Data to examine:
BEGIN

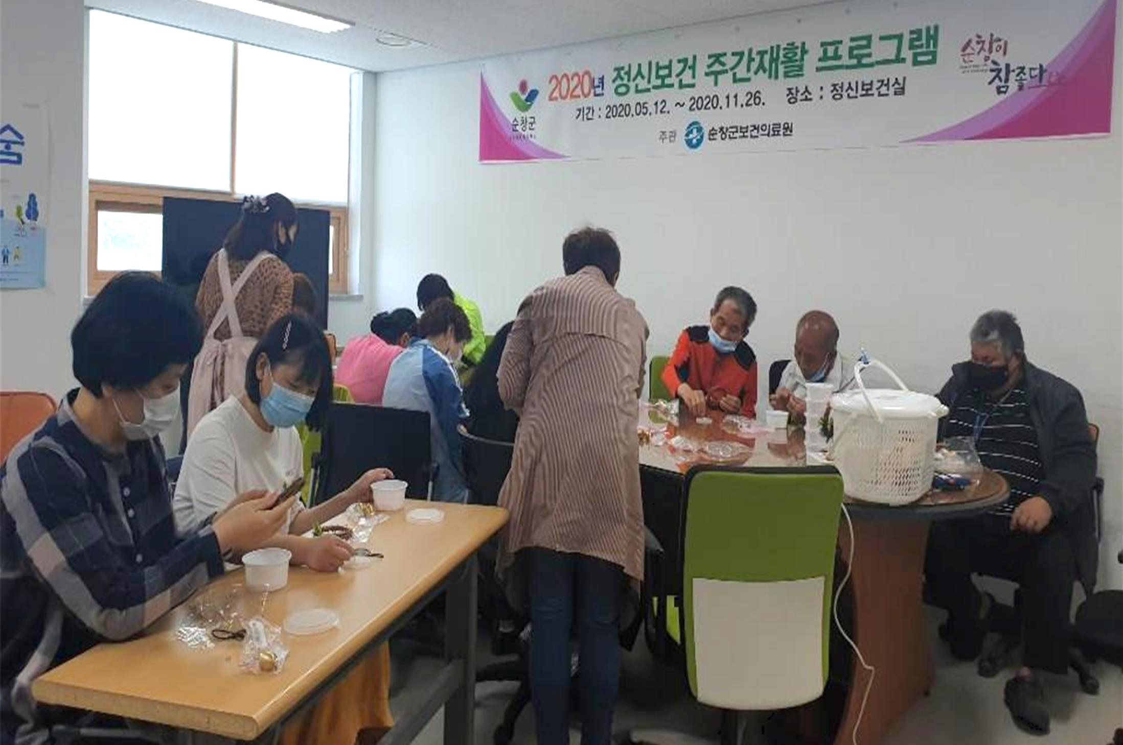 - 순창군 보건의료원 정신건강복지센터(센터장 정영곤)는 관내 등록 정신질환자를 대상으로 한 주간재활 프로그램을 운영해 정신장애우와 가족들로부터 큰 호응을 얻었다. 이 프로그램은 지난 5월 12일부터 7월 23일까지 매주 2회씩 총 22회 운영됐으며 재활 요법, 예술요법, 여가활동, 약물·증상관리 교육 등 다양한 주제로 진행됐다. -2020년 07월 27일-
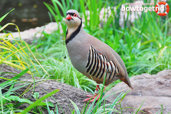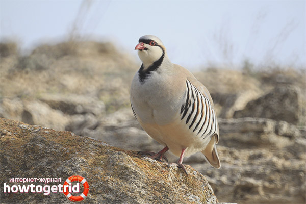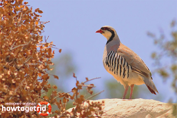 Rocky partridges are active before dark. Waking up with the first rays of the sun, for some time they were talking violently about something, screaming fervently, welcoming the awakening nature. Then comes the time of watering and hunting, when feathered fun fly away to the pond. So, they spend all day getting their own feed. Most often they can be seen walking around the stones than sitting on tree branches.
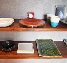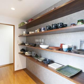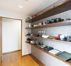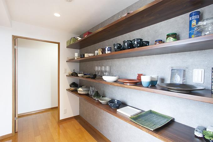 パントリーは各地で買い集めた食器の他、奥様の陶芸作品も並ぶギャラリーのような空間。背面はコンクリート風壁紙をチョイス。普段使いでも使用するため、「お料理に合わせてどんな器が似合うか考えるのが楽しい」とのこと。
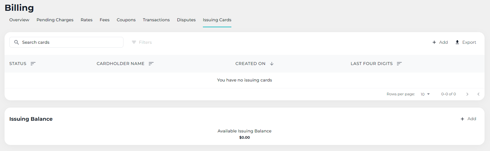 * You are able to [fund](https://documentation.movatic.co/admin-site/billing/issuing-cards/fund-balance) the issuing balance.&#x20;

END
BEGIN

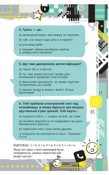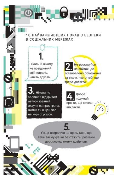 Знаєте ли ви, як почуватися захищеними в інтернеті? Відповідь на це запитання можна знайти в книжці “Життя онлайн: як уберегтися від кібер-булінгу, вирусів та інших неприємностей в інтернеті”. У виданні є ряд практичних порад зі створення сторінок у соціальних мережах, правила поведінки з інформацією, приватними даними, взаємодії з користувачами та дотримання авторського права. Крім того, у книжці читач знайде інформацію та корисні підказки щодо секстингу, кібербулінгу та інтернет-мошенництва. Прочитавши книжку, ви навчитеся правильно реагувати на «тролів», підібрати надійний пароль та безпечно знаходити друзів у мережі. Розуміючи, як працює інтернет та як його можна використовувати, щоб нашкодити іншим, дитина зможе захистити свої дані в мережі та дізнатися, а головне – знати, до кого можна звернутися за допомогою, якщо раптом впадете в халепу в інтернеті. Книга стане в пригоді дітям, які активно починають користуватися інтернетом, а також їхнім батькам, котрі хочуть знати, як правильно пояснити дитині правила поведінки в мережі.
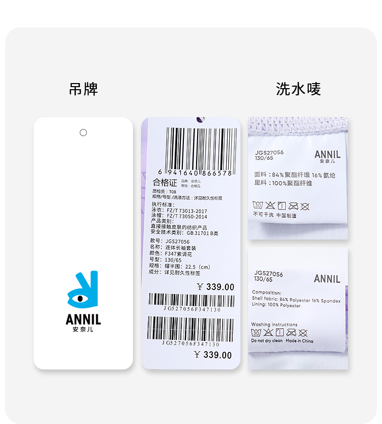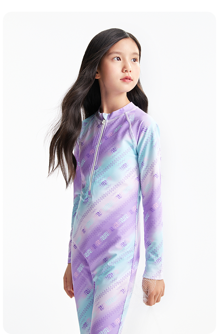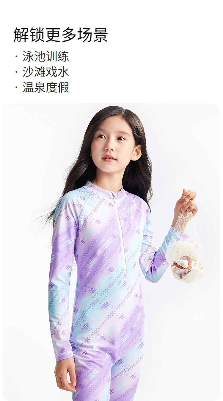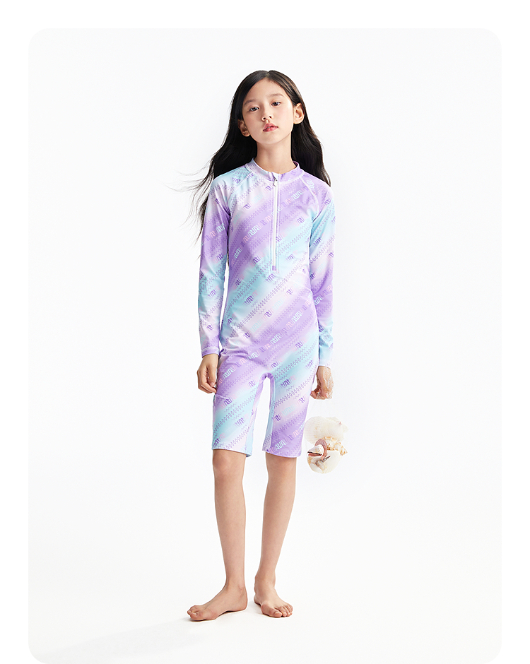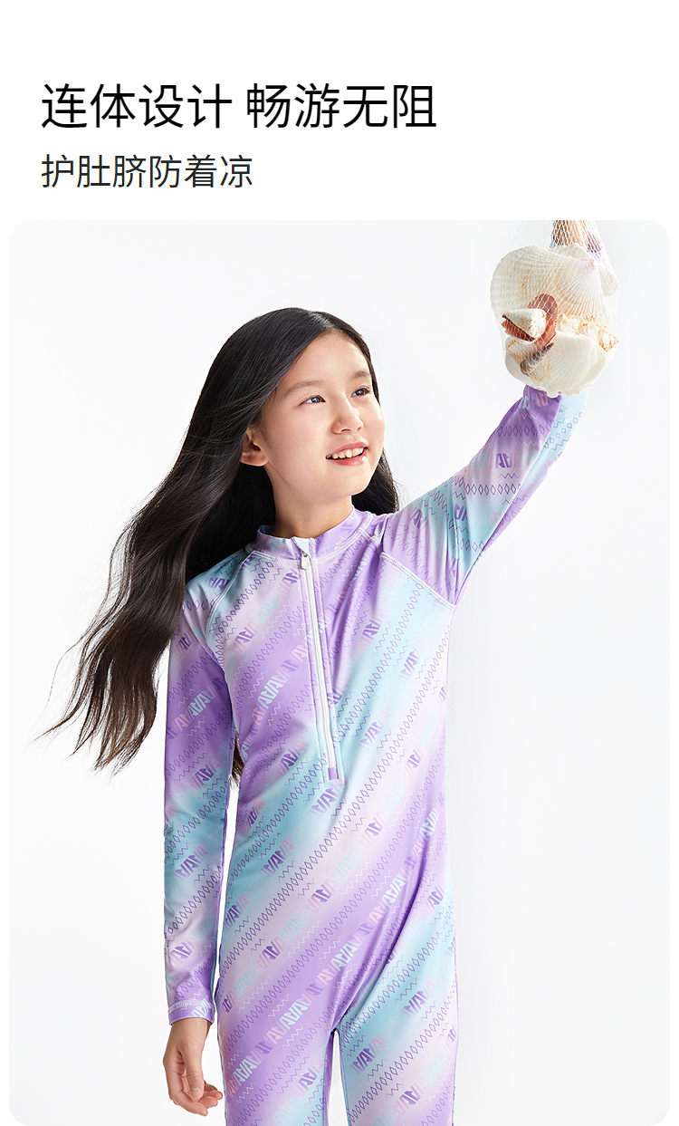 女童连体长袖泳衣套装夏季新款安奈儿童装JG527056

END
BEGIN

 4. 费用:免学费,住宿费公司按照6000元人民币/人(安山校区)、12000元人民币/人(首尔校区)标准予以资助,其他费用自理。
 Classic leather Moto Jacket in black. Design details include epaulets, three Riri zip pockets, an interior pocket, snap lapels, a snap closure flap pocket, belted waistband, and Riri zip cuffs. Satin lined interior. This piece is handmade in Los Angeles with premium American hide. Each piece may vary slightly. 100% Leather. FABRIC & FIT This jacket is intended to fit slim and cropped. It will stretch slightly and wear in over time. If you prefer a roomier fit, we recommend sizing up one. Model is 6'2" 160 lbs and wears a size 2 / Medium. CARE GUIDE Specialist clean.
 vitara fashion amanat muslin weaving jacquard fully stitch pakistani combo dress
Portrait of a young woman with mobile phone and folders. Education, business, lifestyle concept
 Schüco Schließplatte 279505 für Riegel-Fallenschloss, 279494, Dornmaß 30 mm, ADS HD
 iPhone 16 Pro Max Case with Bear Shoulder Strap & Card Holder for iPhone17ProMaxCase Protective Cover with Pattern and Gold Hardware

END

About this task:
Starting at the line that contains "Знаєте ли ви, як" and ending at the line that contains "女童连体长袖泳衣套装夏季新款安奈儿童装JG527056", transcribe the material above exactly, excluding pictures.

Answer box:
 Знаєте ли ви, як почуватися захищеними в інтернеті? Відповідь на це запитання можна знайти в книжці “Життя онлайн: як уберегтися від кібер-булінгу, вирусів та інших неприємностей в інтернеті”. У виданні є ряд практичних порад зі створення сторінок у соціальних мережах, правила поведінки з інформацією, приватними даними, взаємодії з користувачами та дотримання авторського права. Крім того, у книжці читач знайде інформацію та корисні підказки щодо секстингу, кібербулінгу та інтернет-мошенництва. Прочитавши книжку, ви навчитеся правильно реагувати на «тролів», підібрати надійний пароль та безпечно знаходити друзів у мережі. Розуміючи, як працює інтернет та як його можна використовувати, щоб нашкодити іншим, дитина зможе захистити свої дані в мережі та дізнатися, а головне – знати, до кого можна звернутися за допомогою, якщо раптом впадете в халепу в інтернеті. Книга стане в пригоді дітям, які активно починають користуватися інтернетом, а також їхнім батькам, котрі хочуть знати, як правильно пояснити дитині правила поведінки в мережі.
 女童连体长袖泳衣套装夏季新款安奈儿童装JG527056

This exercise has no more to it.